- **ACTIVITY**: For the material below, the expected output is exactly the lines between the line holding "Bought to hang" and the line holding "WSL 2 consumes", inclusive, with pictures left out.

- **SUPPLIED MATERIAL**:
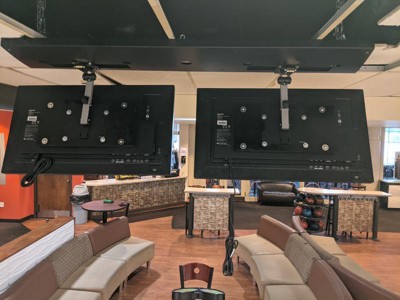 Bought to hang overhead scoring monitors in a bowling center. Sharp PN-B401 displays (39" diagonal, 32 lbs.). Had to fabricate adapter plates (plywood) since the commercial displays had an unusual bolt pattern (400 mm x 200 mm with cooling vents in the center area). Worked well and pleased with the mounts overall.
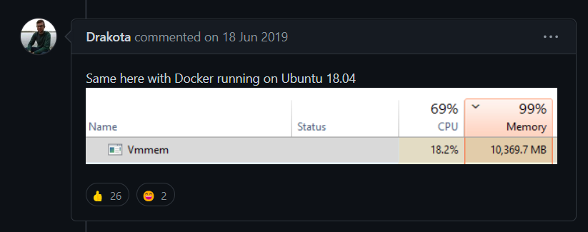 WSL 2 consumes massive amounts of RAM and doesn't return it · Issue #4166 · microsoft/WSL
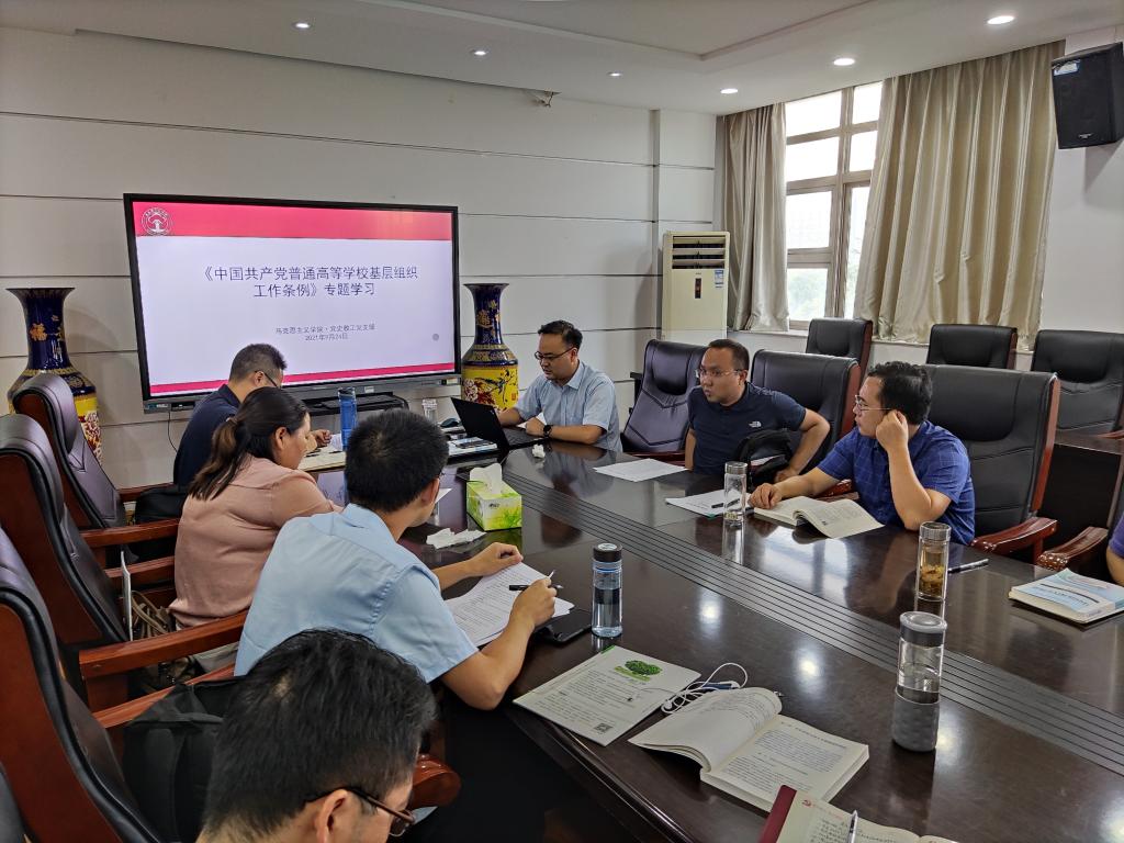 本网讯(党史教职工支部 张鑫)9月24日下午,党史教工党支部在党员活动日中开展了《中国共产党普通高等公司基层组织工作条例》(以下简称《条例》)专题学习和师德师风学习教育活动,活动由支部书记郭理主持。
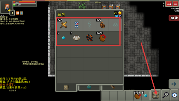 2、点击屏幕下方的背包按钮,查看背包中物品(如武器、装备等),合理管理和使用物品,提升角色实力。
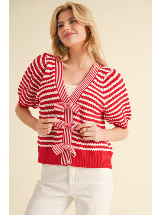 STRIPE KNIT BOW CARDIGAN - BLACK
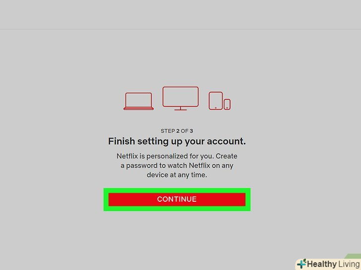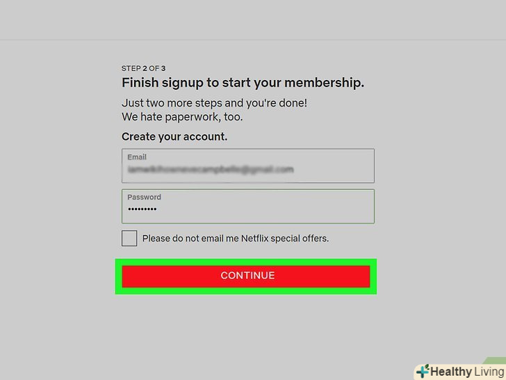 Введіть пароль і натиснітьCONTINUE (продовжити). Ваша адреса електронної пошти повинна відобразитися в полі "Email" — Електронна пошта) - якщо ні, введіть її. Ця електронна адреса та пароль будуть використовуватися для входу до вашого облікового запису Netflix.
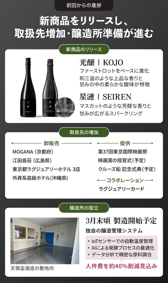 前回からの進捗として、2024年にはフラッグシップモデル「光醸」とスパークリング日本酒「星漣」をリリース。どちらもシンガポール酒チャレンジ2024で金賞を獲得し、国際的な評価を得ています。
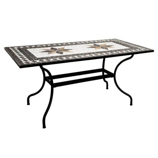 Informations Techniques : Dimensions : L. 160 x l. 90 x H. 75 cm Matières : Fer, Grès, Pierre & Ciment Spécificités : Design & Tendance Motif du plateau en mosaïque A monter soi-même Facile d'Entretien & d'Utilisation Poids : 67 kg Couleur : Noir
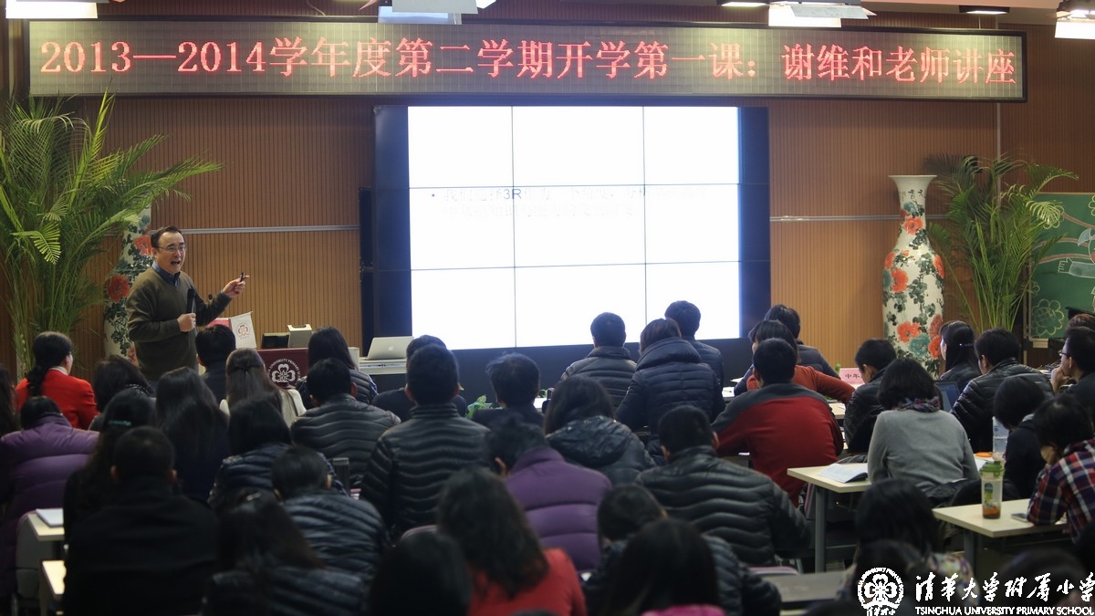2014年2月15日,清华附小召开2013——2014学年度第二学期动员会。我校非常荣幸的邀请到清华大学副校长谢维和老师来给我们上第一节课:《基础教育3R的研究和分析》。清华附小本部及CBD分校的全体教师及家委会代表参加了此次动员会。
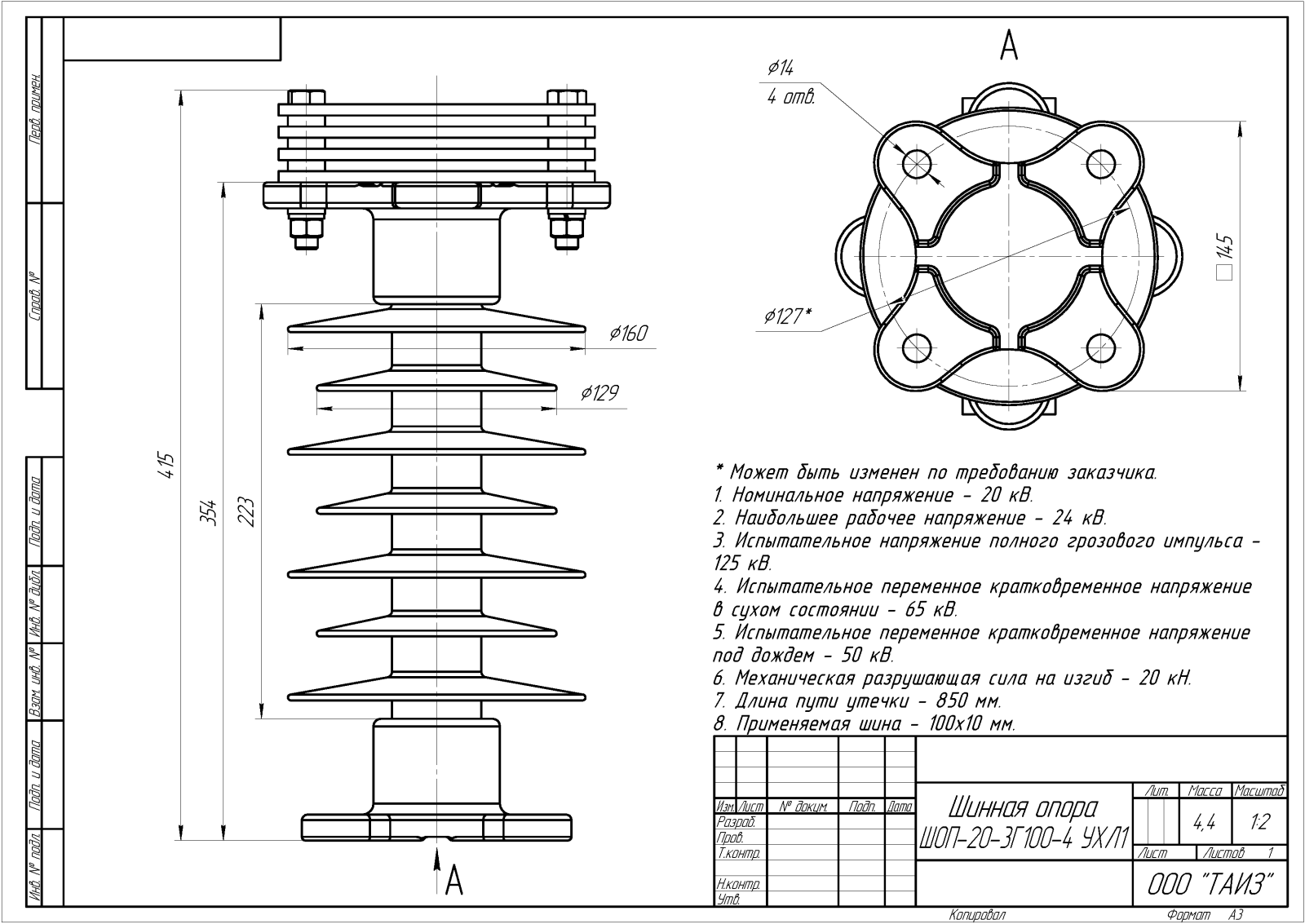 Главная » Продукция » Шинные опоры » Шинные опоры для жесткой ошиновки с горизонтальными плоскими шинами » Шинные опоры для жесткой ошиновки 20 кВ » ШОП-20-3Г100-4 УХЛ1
---
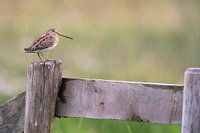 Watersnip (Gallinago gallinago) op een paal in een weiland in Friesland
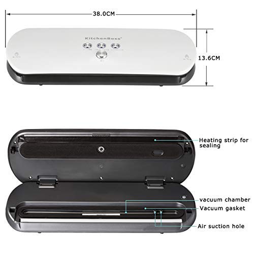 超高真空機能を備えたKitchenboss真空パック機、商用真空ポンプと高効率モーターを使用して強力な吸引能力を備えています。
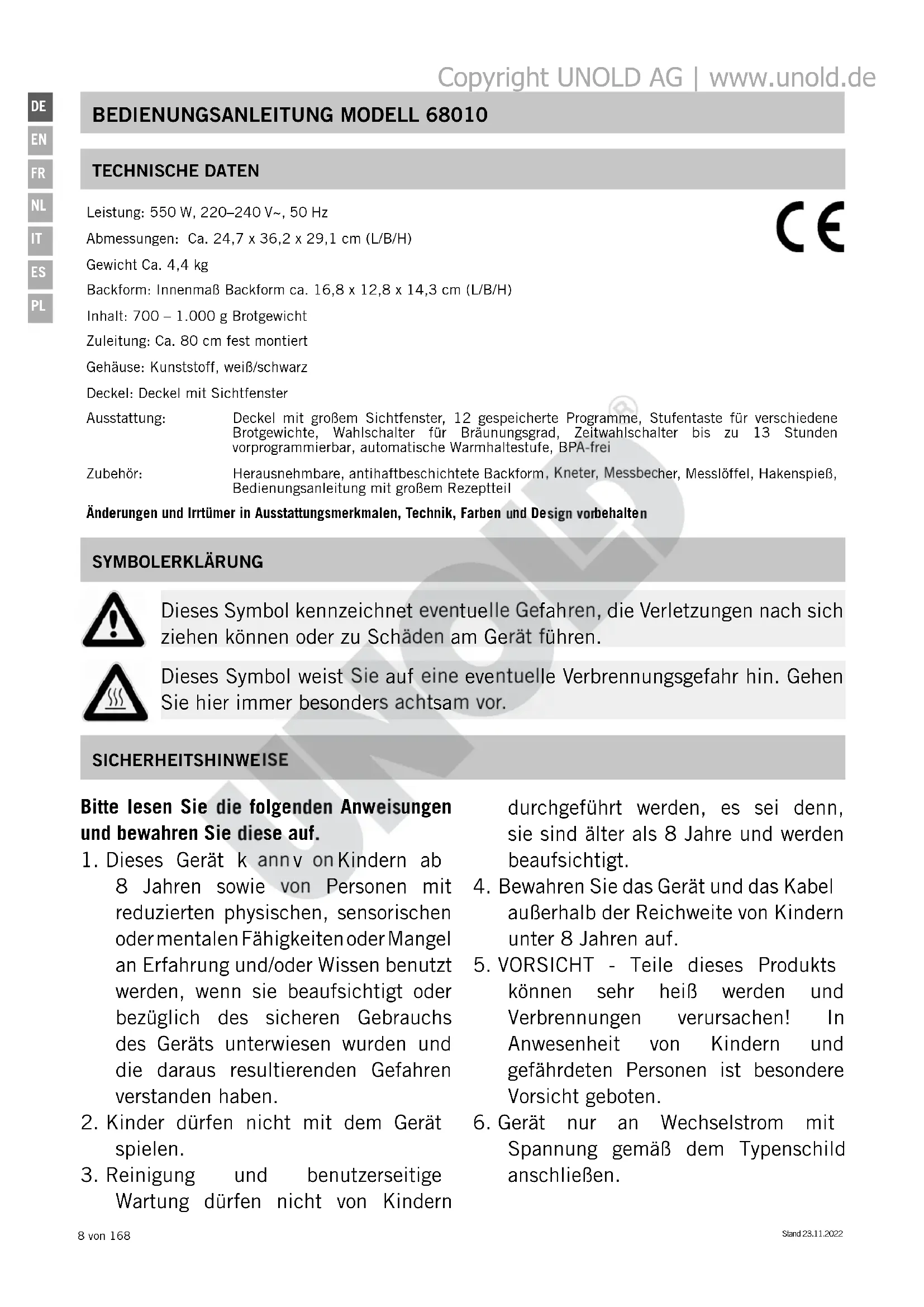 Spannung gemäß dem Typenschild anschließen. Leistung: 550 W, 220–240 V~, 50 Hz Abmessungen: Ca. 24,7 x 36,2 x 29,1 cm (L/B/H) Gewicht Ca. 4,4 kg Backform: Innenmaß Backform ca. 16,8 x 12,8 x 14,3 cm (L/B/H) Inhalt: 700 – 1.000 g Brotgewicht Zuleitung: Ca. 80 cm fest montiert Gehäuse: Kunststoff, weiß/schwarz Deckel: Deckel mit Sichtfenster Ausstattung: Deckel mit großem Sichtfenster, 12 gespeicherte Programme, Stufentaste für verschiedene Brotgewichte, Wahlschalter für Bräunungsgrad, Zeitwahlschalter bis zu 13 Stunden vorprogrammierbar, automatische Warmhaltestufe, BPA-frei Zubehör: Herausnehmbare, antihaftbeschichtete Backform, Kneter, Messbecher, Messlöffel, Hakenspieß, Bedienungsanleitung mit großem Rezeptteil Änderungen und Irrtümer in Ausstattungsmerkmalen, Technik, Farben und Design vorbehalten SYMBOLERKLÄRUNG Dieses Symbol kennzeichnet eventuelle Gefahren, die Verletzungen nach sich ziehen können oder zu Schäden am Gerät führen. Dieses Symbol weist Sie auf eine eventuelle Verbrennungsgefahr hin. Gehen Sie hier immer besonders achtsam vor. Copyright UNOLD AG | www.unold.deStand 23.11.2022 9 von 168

- **SOLUTION FOR THIS TASK**:
 Bought to hang overhead scoring monitors in a bowling center. Sharp PN-B401 displays (39" diagonal, 32 lbs.). Had to fabricate adapter plates (plywood) since the commercial displays had an unusual bolt pattern (400 mm x 200 mm with cooling vents in the center area). Worked well and pleased with the mounts overall.
 WSL 2 consumes massive amounts of RAM and doesn't return it · Issue #4166 · microsoft/WSL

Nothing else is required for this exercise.